Exercise data:
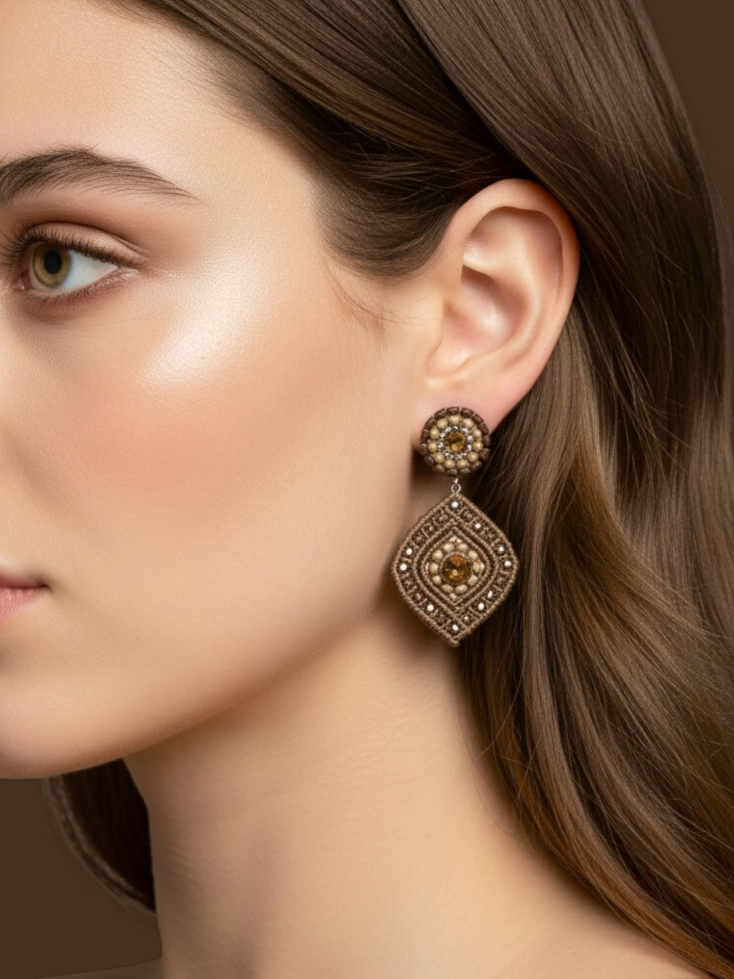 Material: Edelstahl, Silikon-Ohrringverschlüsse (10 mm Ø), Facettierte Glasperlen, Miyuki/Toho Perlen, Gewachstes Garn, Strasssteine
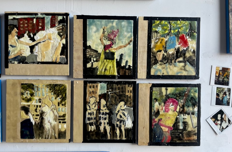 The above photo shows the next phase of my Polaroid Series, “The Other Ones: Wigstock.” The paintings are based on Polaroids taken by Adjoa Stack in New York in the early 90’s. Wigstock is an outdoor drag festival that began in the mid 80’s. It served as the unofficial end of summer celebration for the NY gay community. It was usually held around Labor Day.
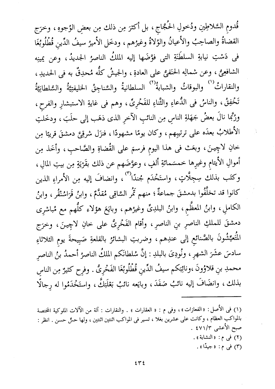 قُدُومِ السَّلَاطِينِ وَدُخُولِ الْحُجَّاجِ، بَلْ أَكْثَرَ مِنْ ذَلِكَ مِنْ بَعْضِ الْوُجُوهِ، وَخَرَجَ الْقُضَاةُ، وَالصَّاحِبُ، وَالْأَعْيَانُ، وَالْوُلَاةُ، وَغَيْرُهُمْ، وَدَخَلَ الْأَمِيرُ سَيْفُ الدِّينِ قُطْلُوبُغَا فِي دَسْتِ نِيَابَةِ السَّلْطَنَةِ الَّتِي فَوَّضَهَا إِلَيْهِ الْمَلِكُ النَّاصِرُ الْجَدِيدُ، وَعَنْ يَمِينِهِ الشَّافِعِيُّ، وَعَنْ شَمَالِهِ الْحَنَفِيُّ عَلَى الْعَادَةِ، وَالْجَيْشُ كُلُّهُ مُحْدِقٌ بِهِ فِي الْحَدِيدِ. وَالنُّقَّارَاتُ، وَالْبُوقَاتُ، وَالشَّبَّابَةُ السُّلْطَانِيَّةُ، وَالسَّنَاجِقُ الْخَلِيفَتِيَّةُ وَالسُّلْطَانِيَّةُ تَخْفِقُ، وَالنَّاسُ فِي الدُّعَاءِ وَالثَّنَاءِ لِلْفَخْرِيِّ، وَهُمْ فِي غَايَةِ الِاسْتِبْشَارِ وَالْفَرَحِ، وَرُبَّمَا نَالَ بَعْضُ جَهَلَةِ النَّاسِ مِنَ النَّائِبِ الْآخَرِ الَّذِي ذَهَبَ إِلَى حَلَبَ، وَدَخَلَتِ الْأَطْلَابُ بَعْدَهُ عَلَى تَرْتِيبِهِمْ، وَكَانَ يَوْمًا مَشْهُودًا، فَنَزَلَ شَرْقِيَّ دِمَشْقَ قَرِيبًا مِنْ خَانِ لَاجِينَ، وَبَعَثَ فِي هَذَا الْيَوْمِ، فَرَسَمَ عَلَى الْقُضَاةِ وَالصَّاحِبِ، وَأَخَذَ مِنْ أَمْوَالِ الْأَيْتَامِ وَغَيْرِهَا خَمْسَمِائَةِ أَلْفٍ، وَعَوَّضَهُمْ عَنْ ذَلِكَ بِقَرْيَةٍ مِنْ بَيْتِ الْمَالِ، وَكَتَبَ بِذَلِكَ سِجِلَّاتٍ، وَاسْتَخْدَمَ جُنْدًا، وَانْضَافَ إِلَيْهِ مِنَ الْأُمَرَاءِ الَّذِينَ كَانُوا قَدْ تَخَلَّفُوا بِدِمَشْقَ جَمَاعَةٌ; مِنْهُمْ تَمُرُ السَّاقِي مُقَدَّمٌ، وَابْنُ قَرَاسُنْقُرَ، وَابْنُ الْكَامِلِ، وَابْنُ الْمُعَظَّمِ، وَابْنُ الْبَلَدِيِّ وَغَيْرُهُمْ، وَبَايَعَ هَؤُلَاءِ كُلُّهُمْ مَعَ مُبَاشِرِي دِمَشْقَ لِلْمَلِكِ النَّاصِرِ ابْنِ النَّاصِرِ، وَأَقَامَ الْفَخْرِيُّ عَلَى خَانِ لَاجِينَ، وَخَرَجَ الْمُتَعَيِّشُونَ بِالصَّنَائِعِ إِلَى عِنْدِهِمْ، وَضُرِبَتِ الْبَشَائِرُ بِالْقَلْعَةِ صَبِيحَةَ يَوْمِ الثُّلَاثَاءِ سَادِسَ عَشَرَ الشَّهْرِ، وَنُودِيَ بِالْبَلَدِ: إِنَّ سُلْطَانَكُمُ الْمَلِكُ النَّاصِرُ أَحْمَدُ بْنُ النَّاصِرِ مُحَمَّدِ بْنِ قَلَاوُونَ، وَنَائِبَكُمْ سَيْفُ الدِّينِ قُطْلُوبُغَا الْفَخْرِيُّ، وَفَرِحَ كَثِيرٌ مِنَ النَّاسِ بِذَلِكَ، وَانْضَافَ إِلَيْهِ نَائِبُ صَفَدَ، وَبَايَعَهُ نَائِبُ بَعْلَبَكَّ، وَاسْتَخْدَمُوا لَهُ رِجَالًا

Task prompt: What is needed here is an exact repetition of the listing above, pictures excluded.

Result of the exercise:
 Material: Edelstahl, Silikon-Ohrringverschlüsse (10 mm Ø), Facettierte Glasperlen, Miyuki/Toho Perlen, Gewachstes Garn, Strasssteine
 The above photo shows the next phase of my Polaroid Series, “The Other Ones: Wigstock.” The paintings are based on Polaroids taken by Adjoa Stack in New York in the early 90’s. Wigstock is an outdoor drag festival that began in the mid 80’s. It served as the unofficial end of summer celebration for the NY gay community. It was usually held around Labor Day.
 قُدُومِ السَّلَاطِينِ وَدُخُولِ الْحُجَّاجِ، بَلْ أَكْثَرَ مِنْ ذَلِكَ مِنْ بَعْضِ الْوُجُوهِ، وَخَرَجَ الْقُضَاةُ، وَالصَّاحِبُ، وَالْأَعْيَانُ، وَالْوُلَاةُ، وَغَيْرُهُمْ، وَدَخَلَ الْأَمِيرُ سَيْفُ الدِّينِ قُطْلُوبُغَا فِي دَسْتِ نِيَابَةِ السَّلْطَنَةِ الَّتِي فَوَّضَهَا إِلَيْهِ الْمَلِكُ النَّاصِرُ الْجَدِيدُ، وَعَنْ يَمِينِهِ الشَّافِعِيُّ، وَعَنْ شَمَالِهِ الْحَنَفِيُّ عَلَى الْعَادَةِ، وَالْجَيْشُ كُلُّهُ مُحْدِقٌ بِهِ فِي الْحَدِيدِ. وَالنُّقَّارَاتُ، وَالْبُوقَاتُ، وَالشَّبَّابَةُ السُّلْطَانِيَّةُ، وَالسَّنَاجِقُ الْخَلِيفَتِيَّةُ وَالسُّلْطَانِيَّةُ تَخْفِقُ، وَالنَّاسُ فِي الدُّعَاءِ وَالثَّنَاءِ لِلْفَخْرِيِّ، وَهُمْ فِي غَايَةِ الِاسْتِبْشَارِ وَالْفَرَحِ، وَرُبَّمَا نَالَ بَعْضُ جَهَلَةِ النَّاسِ مِنَ النَّائِبِ الْآخَرِ الَّذِي ذَهَبَ إِلَى حَلَبَ، وَدَخَلَتِ الْأَطْلَابُ بَعْدَهُ عَلَى تَرْتِيبِهِمْ، وَكَانَ يَوْمًا مَشْهُودًا، فَنَزَلَ شَرْقِيَّ دِمَشْقَ قَرِيبًا مِنْ خَانِ لَاجِينَ، وَبَعَثَ فِي هَذَا الْيَوْمِ، فَرَسَمَ عَلَى الْقُضَاةِ وَالصَّاحِبِ، وَأَخَذَ مِنْ أَمْوَالِ الْأَيْتَامِ وَغَيْرِهَا خَمْسَمِائَةِ أَلْفٍ، وَعَوَّضَهُمْ عَنْ ذَلِكَ بِقَرْيَةٍ مِنْ بَيْتِ الْمَالِ، وَكَتَبَ بِذَلِكَ سِجِلَّاتٍ، وَاسْتَخْدَمَ جُنْدًا، وَانْضَافَ إِلَيْهِ مِنَ الْأُمَرَاءِ الَّذِينَ كَانُوا قَدْ تَخَلَّفُوا بِدِمَشْقَ جَمَاعَةٌ; مِنْهُمْ تَمُرُ السَّاقِي مُقَدَّمٌ، وَابْنُ قَرَاسُنْقُرَ، وَابْنُ الْكَامِلِ، وَابْنُ الْمُعَظَّمِ، وَابْنُ الْبَلَدِيِّ وَغَيْرُهُمْ، وَبَايَعَ هَؤُلَاءِ كُلُّهُمْ مَعَ مُبَاشِرِي دِمَشْقَ لِلْمَلِكِ النَّاصِرِ ابْنِ النَّاصِرِ، وَأَقَامَ الْفَخْرِيُّ عَلَى خَانِ لَاجِينَ، وَخَرَجَ الْمُتَعَيِّشُونَ بِالصَّنَائِعِ إِلَى عِنْدِهِمْ، وَضُرِبَتِ الْبَشَائِرُ بِالْقَلْعَةِ صَبِيحَةَ يَوْمِ الثُّلَاثَاءِ سَادِسَ عَشَرَ الشَّهْرِ، وَنُودِيَ بِالْبَلَدِ: إِنَّ سُلْطَانَكُمُ الْمَلِكُ النَّاصِرُ أَحْمَدُ بْنُ النَّاصِرِ مُحَمَّدِ بْنِ قَلَاوُونَ، وَنَائِبَكُمْ سَيْفُ الدِّينِ قُطْلُوبُغَا الْفَخْرِيُّ، وَفَرِحَ كَثِيرٌ مِنَ النَّاسِ بِذَلِكَ، وَانْضَافَ إِلَيْهِ نَائِبُ صَفَدَ، وَبَايَعَهُ نَائِبُ بَعْلَبَكَّ، وَاسْتَخْدَمُوا لَهُ رِجَالًا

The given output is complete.